Antara ยท Selasa, 18 Februari 2020 - 18:01 WIB
Kemacetan Pindah ke Jalan Letjen Suprapto saat Uji Coba Malioboro Ditutup
Ilustrasi uji coba semipedestrian di Jalan Malioboro dengan melarang kendaraan bermotor melintas kecuali Trans Jogja dan kendaraan darurat lain (Foto: Antara/Eka AR)

YOGYAKARTA, iNews.id - Pelaksanaan uji coba semipedestrian di Jalan Malioboro, Kota Yogyakarta yang melarang seluruh kendaraan bermotor melintas menimbulkan kemacetan baru. Kepadatan lalu lintas justru beralih ke Jalan Letjen Suprapto.

"Dari beberapa kali uji coba penutupan Malioboro untuk kendaraan bermotor, sebagian besar volume kendaraan beralih ke Jalan Letjen Suprapto, terutama yang mengarah ke selatan," kata Kepala Dinas Perhubungan Kota Yogyakarta Agus Arif Nugroho di Yogyakarta, Selasa (18/2/2020).

Lanjut dia, terjadi antrean kendaraan yang cukup panjang di ruas Jalan Letjen Suprapto. Padahal, ruas jalan tersebut tidak terlalu lebar untuk dua lajur kendaraan.

Untuk mengantisipasi penumpukan volume kendaraan, Dinas Perhubungan Kota Yogyakarta melakukan perubahan durasi lampu lalu lintas. Waktu durasi lampu hijau di simpang empat Ngabean terutama yang mengarah ke selatan ditambah 15 detik.

"Semula 35 detik ditambah menjadi 45 detik.

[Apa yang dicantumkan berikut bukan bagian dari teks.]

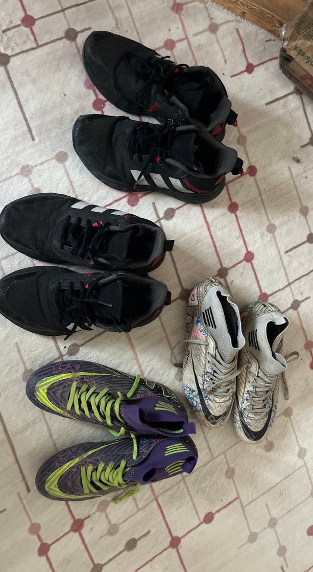 Koyu çok renkli erkek spor ayakkabıları, kauçuk tabanlı ve Velcro bantlıdır. 36 37 numaradır 4 tane ayrı ayakkabı tekli de alınabilir tek fiyatı 500
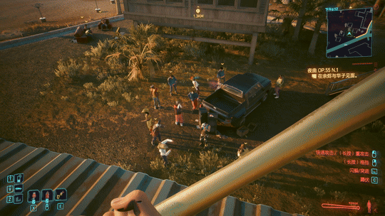先來到西風公寓,到圖示位置,看到三人後,對中間敵人進行掃描(鍵盤tab鍵),選擇引爆手雷選項即可。

Penambahan tersebut sudah maksimal karena jika ditambah lebih lama lagi justru akan menimbulkan antrean di kaki simpang lain," ucap Agus.

Kepadatan arus lalu lintas di Jalan Letjen Suprapto selama Malioboro biasanya terjadi sore hari atau saat jam pulang sekolah. Untuk tahapan uji coba ke depan dimungkinkan rekayasa jalan searah.

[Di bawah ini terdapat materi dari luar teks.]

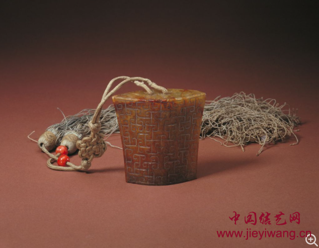 - 这件玉云纹珌为战国时期玉器,属清宫旧藏,文物编号故 00084032,尺寸为高 6.3 厘米、宽 5.95 厘米、厚 2.25 厘米。

"Rekayasa lalu lintas di ruas jalan tersebut yaitu menjadikannya jalan searah ke selatan dan Jalan Pembela Tanah Air (Peta) menjadi jalan searah ke timur," katanya.

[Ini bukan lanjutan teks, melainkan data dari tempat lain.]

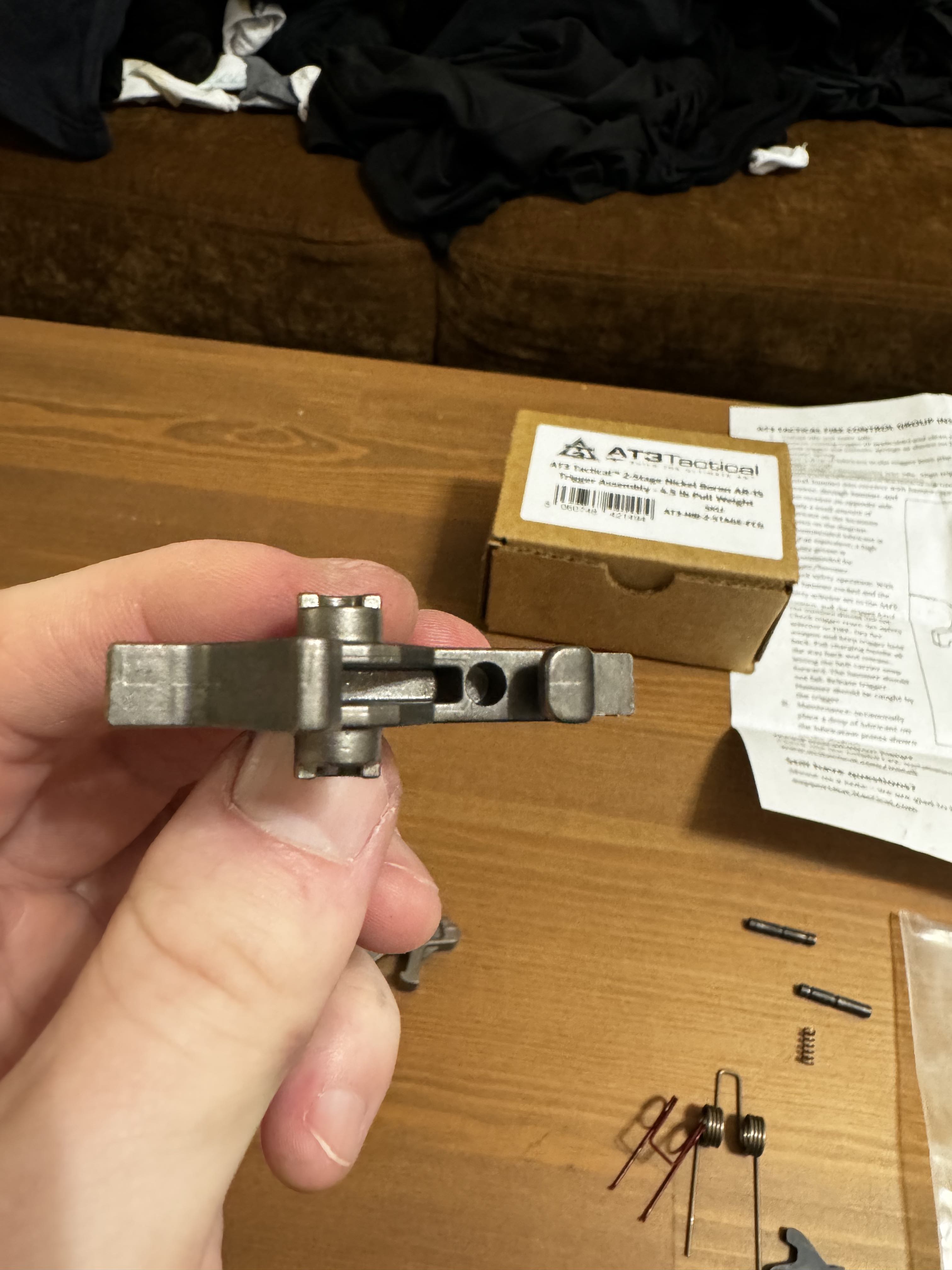 Продам двоступінчастий ударно спусковий механізм до гвинтівок AR-15 або AR-10 від компанії AT3 Tactical. Покриття нікель-бор, що забезпечує дуже мʼяке та чітке натискання. Такий же УСМ але з іншими пружинами стоїть на Savage MSR15 2.0. Настріл на AR-15 близько 250 пострілів, повністю справний, коритися цілісне, є незначні сліди використання. Більш детальну інформацію можете подивитися на офіційному сайті. Якщо потрібно, додам полегшені пружини JP. https://www.at3tactical.com/product...on-ar-15-trigger-assembly-4-5-lbs-pull-weight Ціна 5500 .

Uji coba jalan searah di Jalan Letjen Suprapto tersebut, lanjut Agus, juga menjadi bagian dari tahapan uji coba semipedestrian Malioboro. Dimana, Malioboro sebagai sebuah bundaran besar dan jalan di sekelilingnya yang semula merupakan jalan dua arah menjadi jalan searah.

Jalan Mataram dan Jalan Suryotomo akan dibuat searah ke utara, sedangkan Jalan Pasar Kembang dibuat searah ke barat.

"Untuk Jalan Bhayangkara akan tetap diberlakukan searah ke utara hingga Jalan Gandekan Lor. Sebagai gantinya, perubahan arus searah justru akan diterapkan di Jalan Letjen Suprapto," ucap Agus.